## Assignment
Output all records exactly, with no images.

^^^^^^^^^^^^^^^^

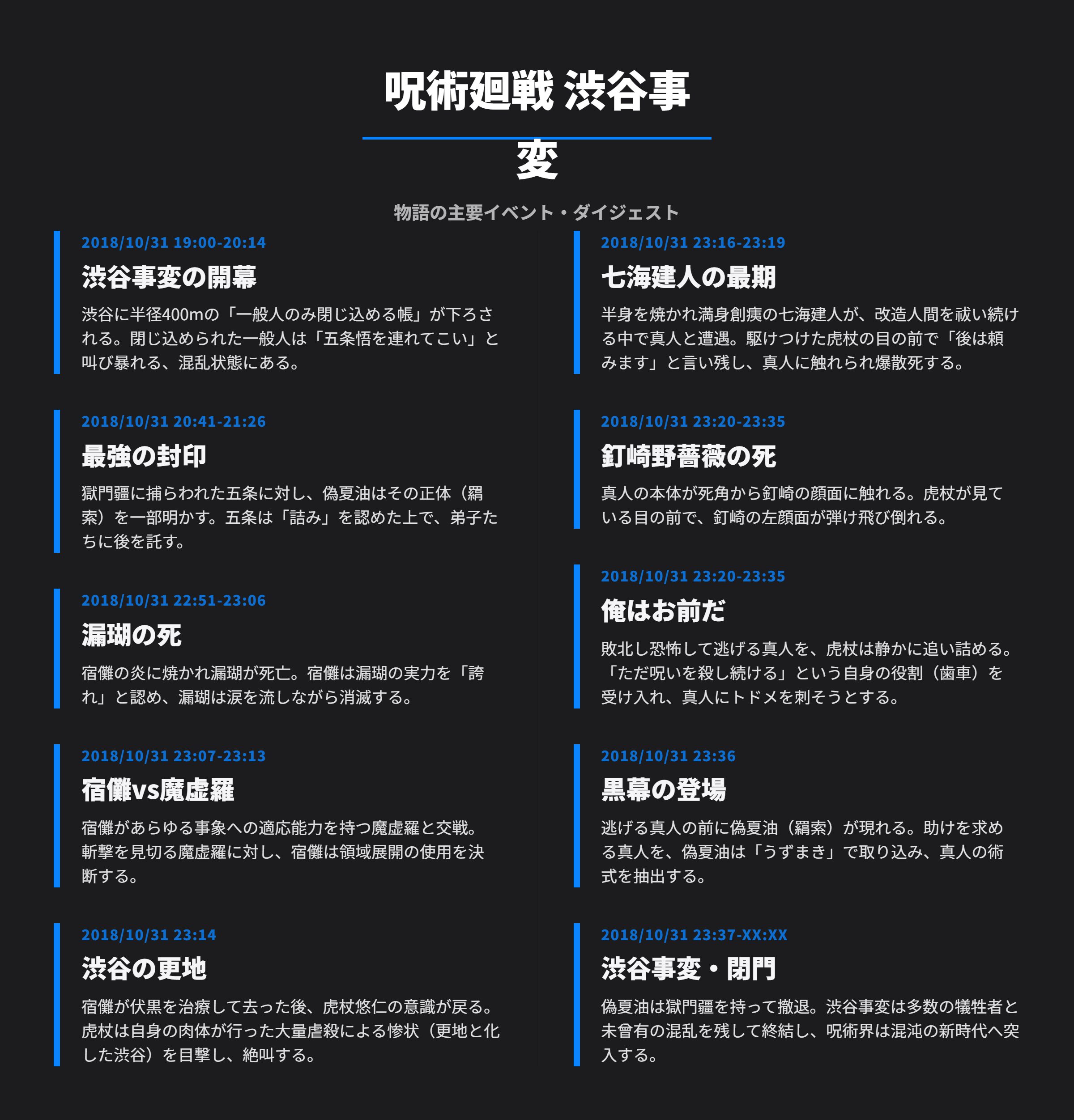 本ページでは『呪術廻戦 渋谷事変編』に登場する主要イベントの時系列年表を掲載しています。
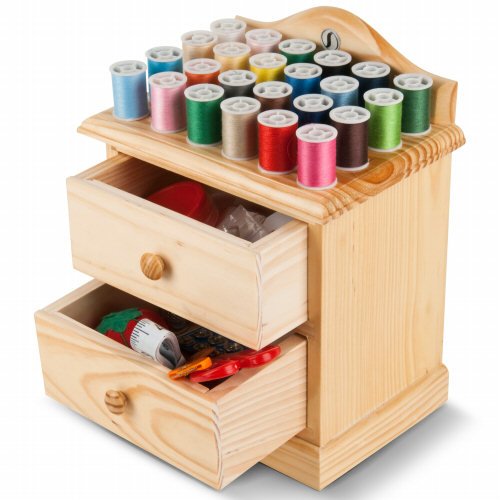 Stock up on all your sewing essentials with the Smartek wooden sewing box. attractive two-drawer wood organizer thread spools are compactly stored on top and easily accessible great gift for sewing novices Set includes: tomato pin cushion, seam ripper, tape measures 5inch scissors, tailor chalk, pleating needle set safety pins, pearl needles, 30-pc needle set, assorted buttons 24 spools of thread (25-yd each), threader, thread wheeler metal thimble, hooks with eyes, snap fasteners Wood. Wipe with damp cloth. Available in colors: Natural Wo. Available from JCPenny.
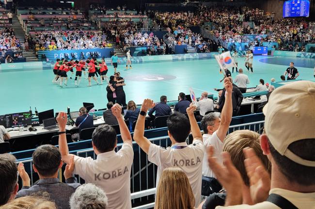 오세훈 시장이 25일, 대한민국에 첫승을 안겨준 여자 핸드볼 경기장을 찾아 응원하고 있다.
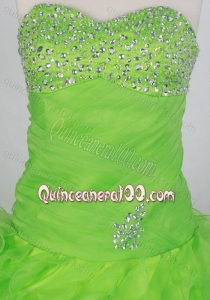 Wonderful Spring Green Beading and Ruffles Sweetheart Quinceanera Dresses
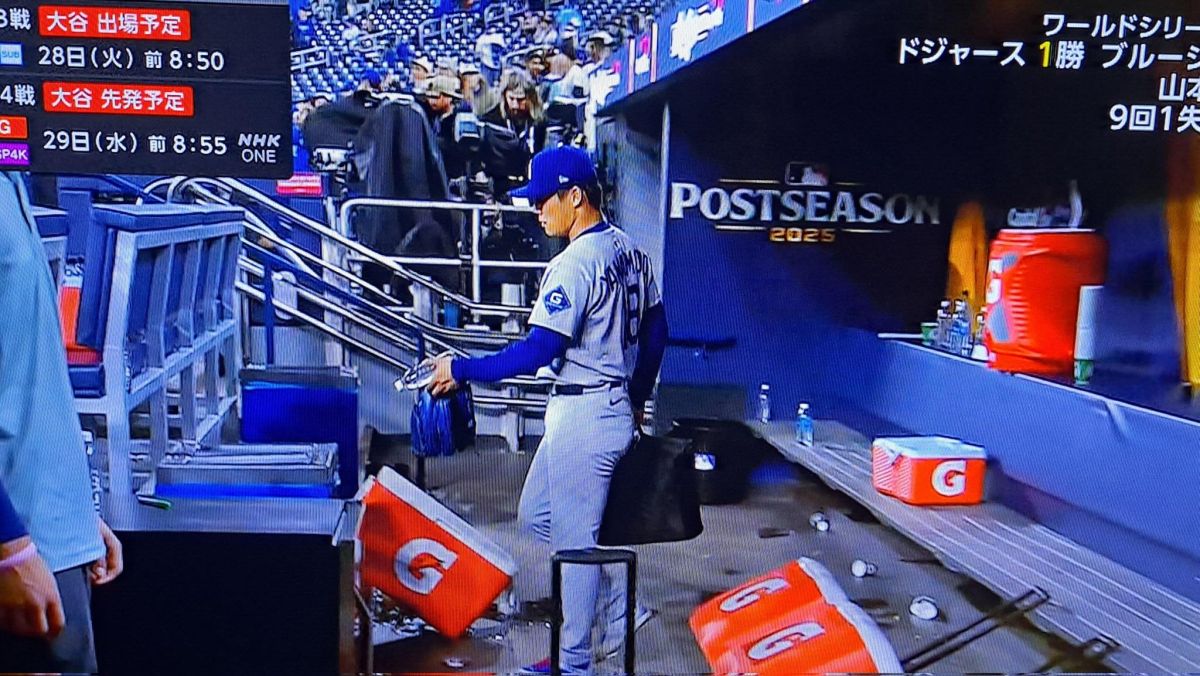 不過最讓球迷動容的畫面出現在比賽結束後——當全隊慶祝勝利時,山本並未馬上返回休息室,而是默默蹲下撿起散落的水瓶與紙巾,仔細整理乾淨後才離開。這一幕被《NHK》與《FOX Sports》鏡頭拍下並在網路瘋傳,節目評論員班.維蘭德(Ben Verlander)在社群平台上感嘆:「山本在連兩場完投後,竟還親自清理整個休息區!」

^^^^^^^^^^^^^^^^

## Response area
 本ページでは『呪術廻戦 渋谷事変編』に登場する主要イベントの時系列年表を掲載しています。
 Stock up on all your sewing essentials with the Smartek wooden sewing box. attractive two-drawer wood organizer thread spools are compactly stored on top and easily accessible great gift for sewing novices Set includes: tomato pin cushion, seam ripper, tape measures 5inch scissors, tailor chalk, pleating needle set safety pins, pearl needles, 30-pc needle set, assorted buttons 24 spools of thread (25-yd each), threader, thread wheeler metal thimble, hooks with eyes, snap fasteners Wood. Wipe with damp cloth. Available in colors: Natural Wo. Available from JCPenny.
 오세훈 시장이 25일, 대한민국에 첫승을 안겨준 여자 핸드볼 경기장을 찾아 응원하고 있다.
 Wonderful Spring Green Beading and Ruffles Sweetheart Quinceanera Dresses
 不過最讓球迷動容的畫面出現在比賽結束後——當全隊慶祝勝利時,山本並未馬上返回休息室,而是默默蹲下撿起散落的水瓶與紙巾,仔細整理乾淨後才離開。這一幕被《NHK》與《FOX Sports》鏡頭拍下並在網路瘋傳,節目評論員班.維蘭德(Ben Verlander)在社群平台上感嘆:「山本在連兩場完投後,竟還親自清理整個休息區!」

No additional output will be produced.